### Data segment
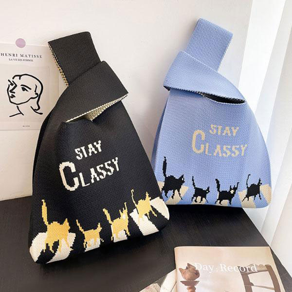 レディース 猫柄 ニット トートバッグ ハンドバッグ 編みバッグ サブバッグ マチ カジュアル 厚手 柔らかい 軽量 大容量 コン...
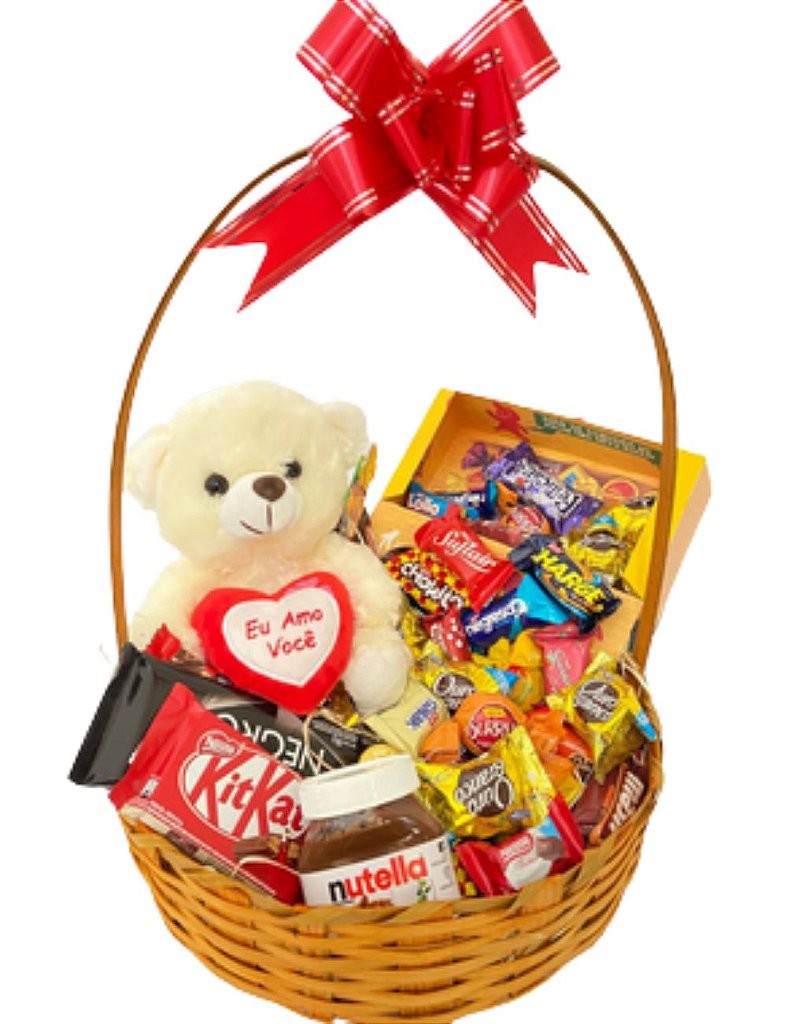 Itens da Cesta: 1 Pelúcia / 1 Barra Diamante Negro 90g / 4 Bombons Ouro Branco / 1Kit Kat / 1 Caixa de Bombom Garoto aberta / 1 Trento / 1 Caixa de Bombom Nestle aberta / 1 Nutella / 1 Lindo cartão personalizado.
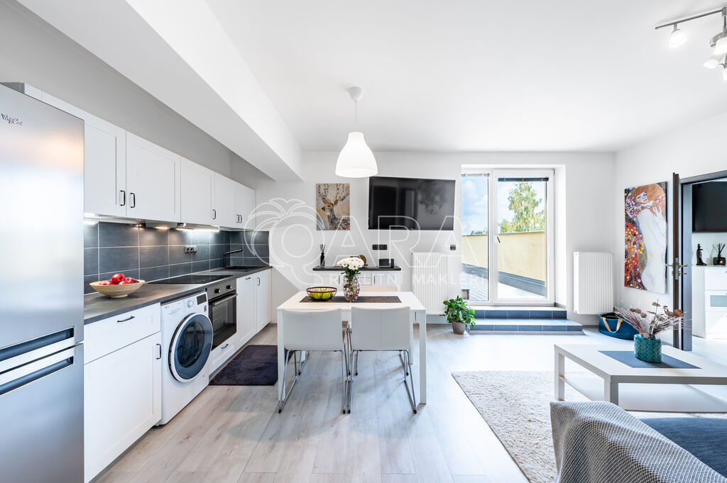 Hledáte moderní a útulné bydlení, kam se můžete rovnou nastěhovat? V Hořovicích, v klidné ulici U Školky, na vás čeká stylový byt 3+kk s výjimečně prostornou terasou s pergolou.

### Task directions
Extract word for word every line from the line that contains "Itens da Cesta: 1" to the final line of the data, both included, and nothing else; skip the pictures.

### Response below
 Itens da Cesta: 1 Pelúcia / 1 Barra Diamante Negro 90g / 4 Bombons Ouro Branco / 1Kit Kat / 1 Caixa de Bombom Garoto aberta / 1 Trento / 1 Caixa de Bombom Nestle aberta / 1 Nutella / 1 Lindo cartão personalizado.
 Hledáte moderní a útulné bydlení, kam se můžete rovnou nastěhovat? V Hořovicích, v klidné ulici U Školky, na vás čeká stylový byt 3+kk s výjimečně prostornou terasou s pergolou.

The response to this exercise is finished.